墨迹是进了绢的纤维里的那种深,不是新的,是放置了很久的东西才会有的深。这块绢在那面墙后头不知道放了多少年,但那个钩还在,还是程远山的笔势,往右带的那一弯,轻,收得快,是他惯常写字的速度留下来的。

她在那个钩上停了很久。

沈烈没有催她,也没有再说话,只是靠着车轮,往另一侧看着,等着。

风又过来一阵,把远处骆驼那边的草料味送过来,夹着些牲畜的体味,不难闻,只是厚,是那种扎实的活物的气息。

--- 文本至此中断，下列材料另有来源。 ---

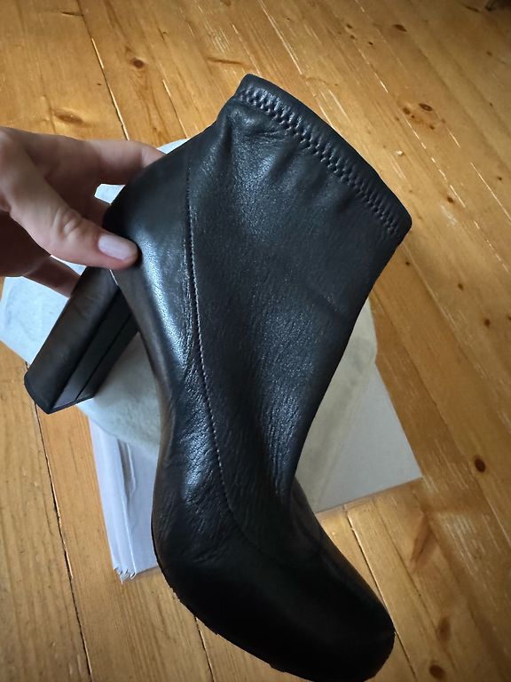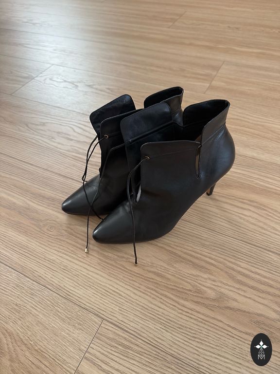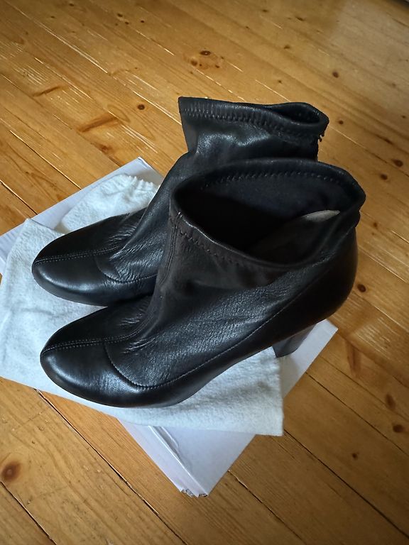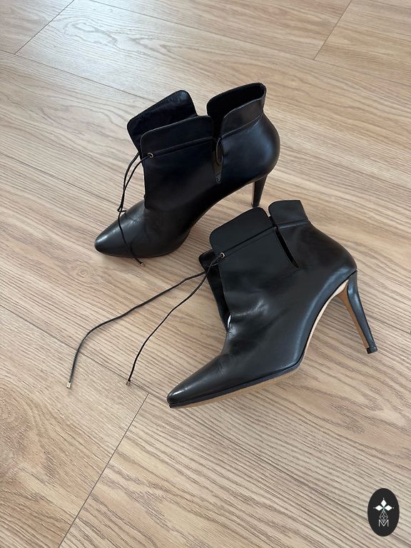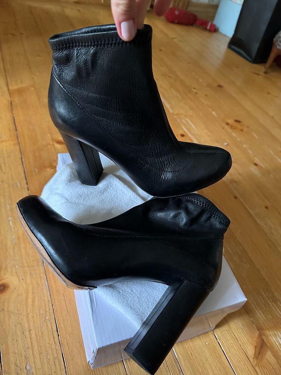 Melni ādas zābaki 39.izm.Iekšpēda 25,3cm.Iekšpusē neliels siltinājums.Aizdare ar rāvējslēdzēju.Purngalos nēsāšanas pazīmes.

裴渡把绢重新叠好,放回油纸里,把油纸包好,握在手里。

她说:”你当时怎么带出来的。”

这不是一个关键的问题,但她需要从一个不重要的问题先开口,把那句真正要说的话从嗓子里的什么地方先松动一下,否则说不出来。

“装进靴子里。”沈烈说,”那时候手边没有别的好地方,靴子底子厚,夹层里放得下,后来到了有集市的地方才换的皮包。”

她点了点头,手里那块东西的分量没有变,但她感觉到了——是因为知道了它从哪里来,知道了它在靴子里压了多少路,知道了拿着它的人带着它走过了哪些地方,它才有了这个分量。

她说:”程远山,是我的朋友。”

这五个字说得平,不是刻意压制什么,是那种已经在心里放了很久的事情,说出来的时候反而是平的——那种平,不是淡漠,是承重之后的那种平,承过了,所以说出来不再会倒。

沈烈侧过头,看了她一眼。

他没有说”哦”,没有说”原来如此”,没有问”那他现在在哪里”,只是安静地看了她一眼,然后把视线收回去。

他听出了那句话里”是”字的分量。

“是”,不是”曾经是”。在说这句话的时候,她用的是现在时,而不是过去时——但那块绢放了不知多少年,那处驿站已经废弃,程远山的名字裴渡说出来的方式,是那种不需要再问”他现在怎么样”的方式。”是我的朋友”,四个字说出来,意味着有些事已经是不需要再说的事了。

沈烈把腿弯了弯,换了个坐姿,手臂搭在膝上,往账车的木板上靠了靠。

“那个老先生说,”他停了一下,”细作里有些人有自己的私用格式,不是正式的暗语,是个人习惯发展出来的,只有熟识的人才认得出来是谁的。他说这块绢上的格式,他只见过一次,是很多年前,在长安,一个姓程的年轻人给他看过一次。”

裴渡握着手里那包东西,没有动。

“那个老先生后来不知道去了哪里,我没有再见过他。”沈烈说,”我不知道他说的是不是同一个人,但他记得那个姓,我就一直带着这东西,带到了长安,结果第一个认出来的,是你。”

他说这话的时候语气是平的,不是在讲一件多么了不起的事,只是陈述一个事实——他带着这块绢从西域走到了长安,走了三年,在长安的第一件事是被人追,遇见了她,然后现在这块绢到了她手里。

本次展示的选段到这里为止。